**WORK INSTRUCTIONS:** Whatever lies between the line that holds "5月9日上午,yl23455" and the final line of the records below, both included, should be repeated exactly; leave out the pictures and add nothing.

**SUPPLIED INFORMATION:**
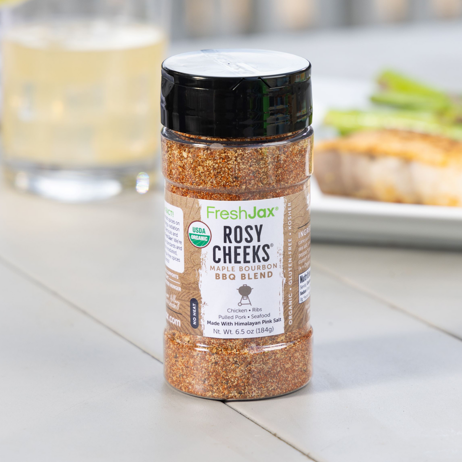 FreshJax Rosy Cheeks Maple Bourbon BBQ Blend is a savory BBQ rub blending organic maple syrup, Kentucky bourbon flavor, smoked spices, and herbs to enhance meats, poultry, seafood, and veggies.
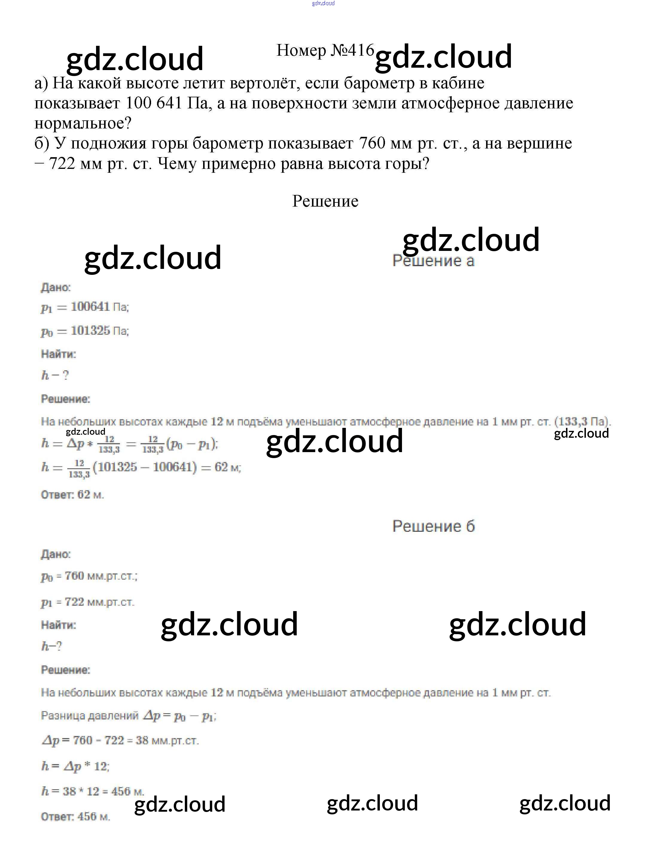 Ответ на задание 416 Сборник вопросов и задач Физика за 7, 8, 9 (седьмой, восьмой, девятый) класс Марон, Позойский Вертикаль 2013
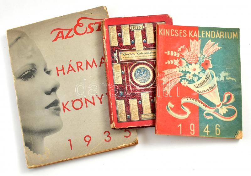 cca 1926-46 össz. 3 kalendárium: 1926 Kincses Kalendáriom. A gyakorlati élet általános útmutatója. XXX. évf. Bp., Rákosi Jenő Budapesti Hírlap Újságvállalata. Rengeteg korabeli reklámmal illusztrálva. Benne számos érdekes írással. Kiadói kartonált papírkötés, sérült gerinccel és borítóval. + 1946 A Szabad Nép és a Szabad Föld Kincses Kalendáriuma. Bp., 1946, Szikra. Több korabeli reklámmal illusztrálva. Benne számos érdekes írással. Kiadói papírkötés, sérült gerinccel és borítóval. + Az Est Hármaskönyve az 1935. H.n., 1935, Est Lapkiadó 272p. képekkel. Rengeteg korabeli reklámmal illusztrálva. Benne számos érdekes írással. Kiadói papírkötés, sérült gerinccel és borítóval, laza kötéssel.
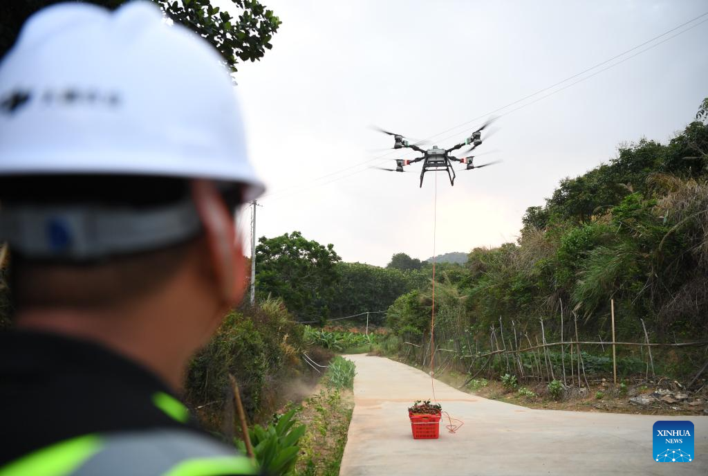 MAOMING, 7 junio, 2025 (Xinhua) -- Imagen del 5 de junio de 2025 de un trabajador operando un dron cargado con una canasta de lichis para aterrizar en un huerto, en Gaozhou de la ciudad de Maoming, en la provincia de Guangdong, en el sur de China. En medio de la intensa cosecha de lichis frescos en Maoming, conocida como la "ciudad natal de los lichis", se ha adoptado la tecnología de drones en el transporte y la entrega para superar los obstáculos logísticos y garantizar la calidad de la fruta. (Xinhua/Deng Hua)
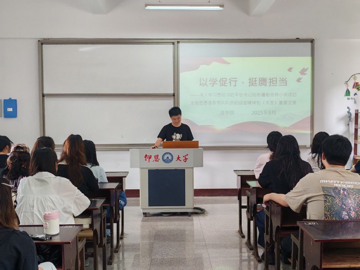 5月9日上午,yl23455永利集团于yl23455永利集团第三教学区普照楼304教室举办“以学促行,挺膺担当”主题学习会。本次活动由院团委组织,旨在引导学生干部深化理论学习,强化责任意识,以实际行动践行青春使命。yl23455永利集团团委副书记阮昕烨担任主讲,yl23455永利集团网络工作室主任郭晨雨、学生会主席江朝颖作专题发言,各班级代表共80余人参加学习。
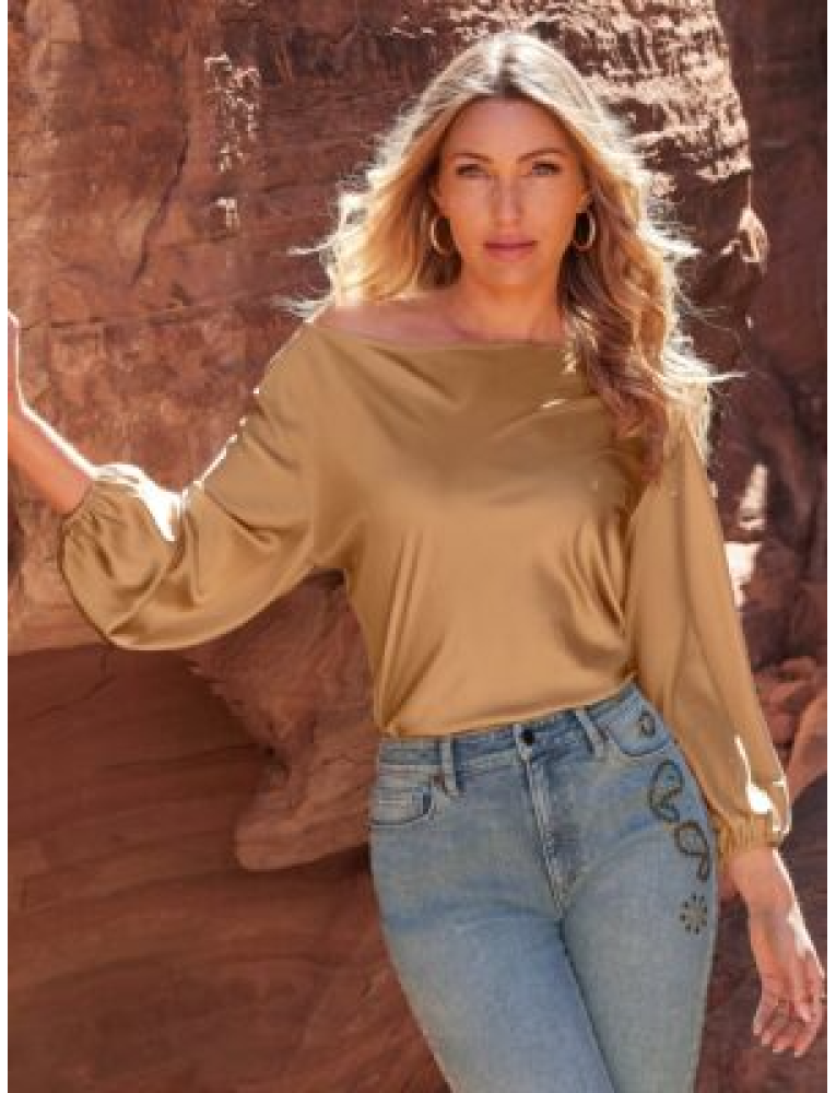 Abby Boat Neck Long Sleeve Charmeuse Blouse Champagne
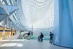 The Hall is a marvel of engineering whose 197-foot-high curtain wall of laminated glass would seem to tempt fate in an island nation whose collective memory is haunted by catastrophic earthquakes. Not so: though "extremely light and flexible", the Glass Hall's structural system is designed to withstand "extreme seismic forces" (Rafael Viñoly).
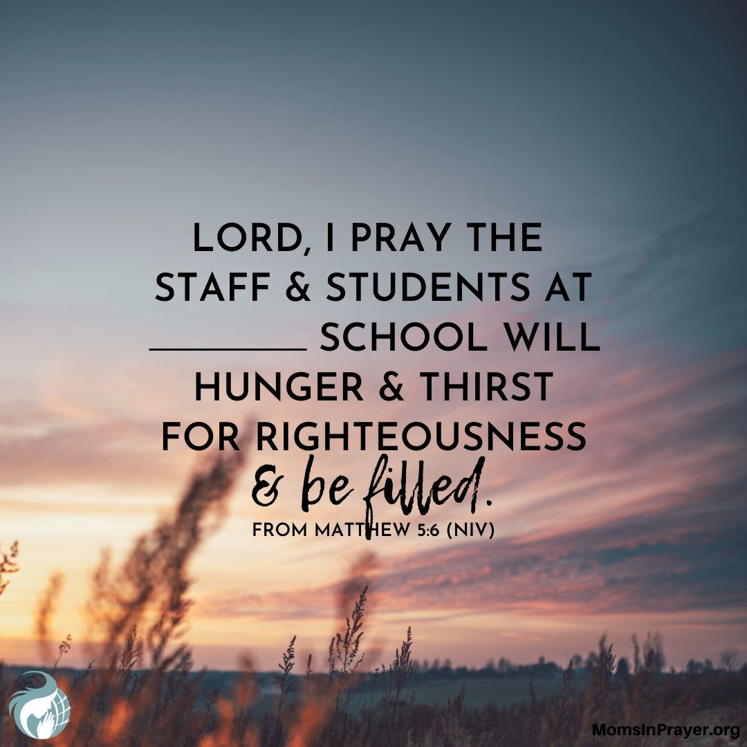 Lord, I pray the staff and students at ________ school will hunger and thirst for righteousness and be filled.
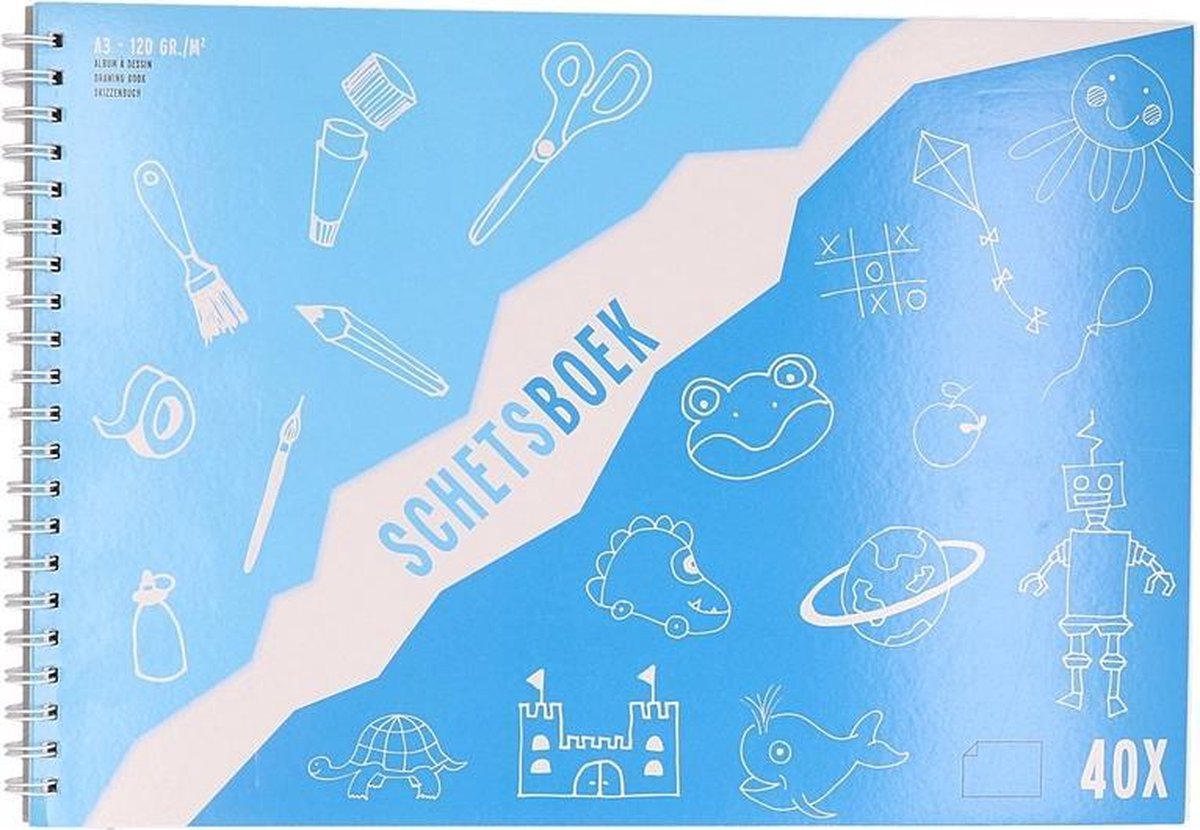 Een teken/kleur/hobbypakket met een schetsboek/tekenboek wit papier A3 formaat en 24 kleurpotloden/tekenpotloden. Het schetsboek bevat 40 witte vellen. Teken/hobby/knutselmateriaal tekenen/kleuren pakket met potloden en schetsboeken, voor kinderen en volwassenen. bestaande uit 1x Schetsboek/tekenboek A3 formaat 40 vellen, 1x 24x Bruynzeel kleurpotloden voor kinderen
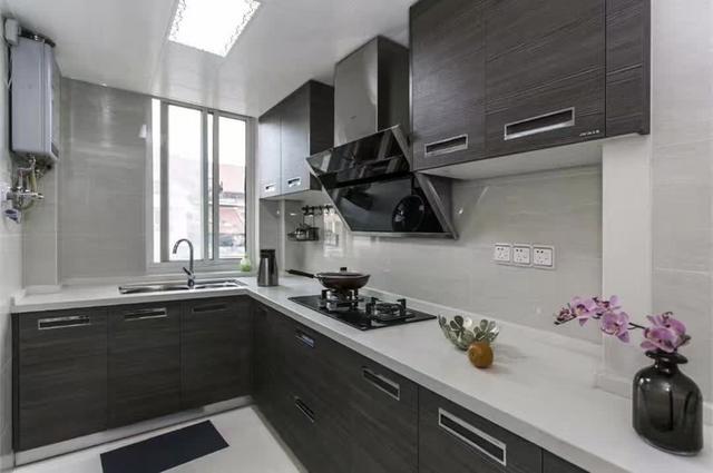 浅色的墙面让深色的橱柜更加突出,色彩上典型的黑白配,经典耐看,还不怕脏,这个厨房做到了;

**RESPONSE AREA:**
 5月9日上午,yl23455永利集团于yl23455永利集团第三教学区普照楼304教室举办“以学促行,挺膺担当”主题学习会。本次活动由院团委组织,旨在引导学生干部深化理论学习,强化责任意识,以实际行动践行青春使命。yl23455永利集团团委副书记阮昕烨担任主讲,yl23455永利集团网络工作室主任郭晨雨、学生会主席江朝颖作专题发言,各班级代表共80余人参加学习。
 Abby Boat Neck Long Sleeve Charmeuse Blouse Champagne
 The Hall is a marvel of engineering whose 197-foot-high curtain wall of laminated glass would seem to tempt fate in an island nation whose collective memory is haunted by catastrophic earthquakes. Not so: though "extremely light and flexible", the Glass Hall's structural system is designed to withstand "extreme seismic forces" (Rafael Viñoly).
 Lord, I pray the staff and students at ________ school will hunger and thirst for righteousness and be filled.
 Een teken/kleur/hobbypakket met een schetsboek/tekenboek wit papier A3 formaat en 24 kleurpotloden/tekenpotloden. Het schetsboek bevat 40 witte vellen. Teken/hobby/knutselmateriaal tekenen/kleuren pakket met potloden en schetsboeken, voor kinderen en volwassenen. bestaande uit 1x Schetsboek/tekenboek A3 formaat 40 vellen, 1x 24x Bruynzeel kleurpotloden voor kinderen
 浅色的墙面让深色的橱柜更加突出,色彩上典型的黑白配,经典耐看,还不怕脏,这个厨房做到了;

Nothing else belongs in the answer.